Streaming works too (`stream=True`); the response is fully verified before the
first token is replayed to your agent — no unverified token ever leaves the
machine.

## Commands

| Command | Description |
|---------|-------------|
| `og-local` | **The one command** — log in if needed, then serve. |
| `og-local serve [--port] [--tee-id] [--expected-pcr] [--setup-host] ...` | Same as above, with options (auto-logs-in if no session). |
| `og-local login [--app-url URL] [--manual]` | Just authorize this device (default `https://chat.opengradient.ai`). |
| `og-local setup-host` | Just map `opengradient.inference` → `127.0.0.1` in the hosts file. |
| `og-local status` | Show login + resolved network config. |
| `og-local logout` | Remove the saved session. |

## Install from source (development)

```sh
git clone https://github.com/OpenGradient/local && cd local
uv sync --all-groups
uv run og-local --help
```

## Configuration

Login stores a session (and the network config it needs) in
`~/.opengradient/local/session.json` (override the directory with
`OG_LOCAL_HOME`).
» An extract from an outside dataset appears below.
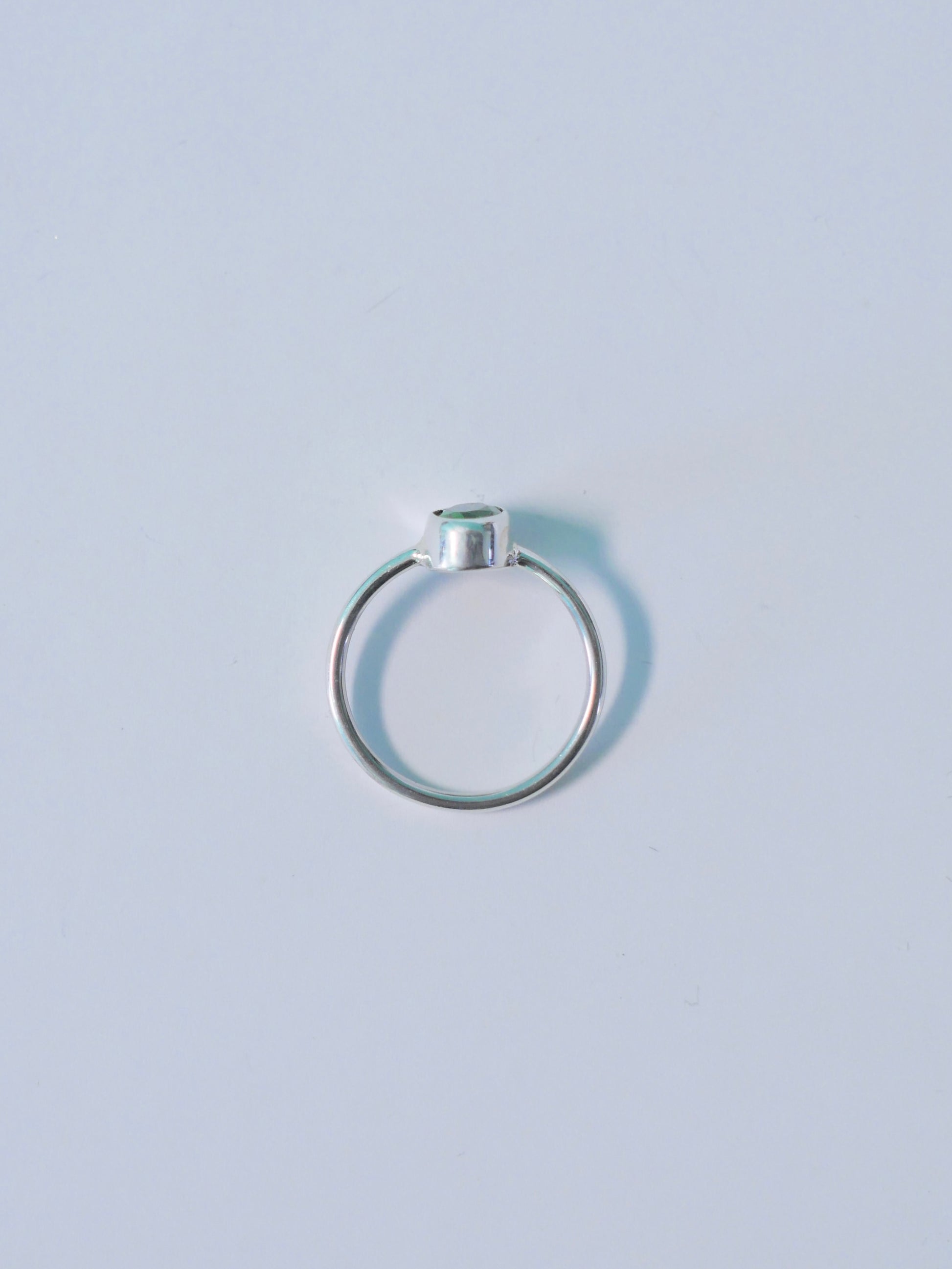 Anillo de plata con circonia verde al centro. Hecho a mano en México.

Server knobs:

| Env var | Flag | Default | Purpose |
|---------|------|---------|---------|
| `OG_LOCAL_HOST` | `--host` | `127.0.0.1` | Bind host. |
| `OG_LOCAL_PORT` | `--port` | `11434` | Bind port. |
| `OG_LOCAL_TEE_ID` | `--tee-id` | — | Pin a specific registry TEE. |
| `OG_LOCAL_EXPECTED_PCR_HASH` | `--expected-pcr` | — | Refuse any TEE whose on-chain `pcrHash` differs. |
| `OG_LOCAL_HOSTNAME` | — | `opengradient.inference` | Friendly local hostname advertised to agents. |
| `OG_LOCAL_APP_URL` | `--app-url` (login) | `https://chat.opengradient.ai` | Chat app origin for login. |

## Scope & limitations (MVP)

- **OpenAI-compatible only.** `/v1/chat/completions` and `/v1/models`. An
  Anthropic `/v1/messages` translation layer is a planned follow-up.
- **Verify-before-emit streaming.** Streaming buffers and verifies the full
  response before replaying it, trading first-token latency for the "no
  unverified token leaves the machine" guarantee.
- **Payment via Chat credentials.** The relay pays x402 server-side against your
  Chat account. A wallet/x402 path (the SDK's `og.LLM`) is the alternative for
  fully self-custodial setups.

## Development

```sh
uv sync --group test
uv run pytest          # server-layer tests
uv run ruff check .
```

The protocol-level crypto (OHTTP, signature verification, request
canonicalization) is tested in the SDK repo against the real tee-gateway
recipient code, guaranteeing wire compatibility.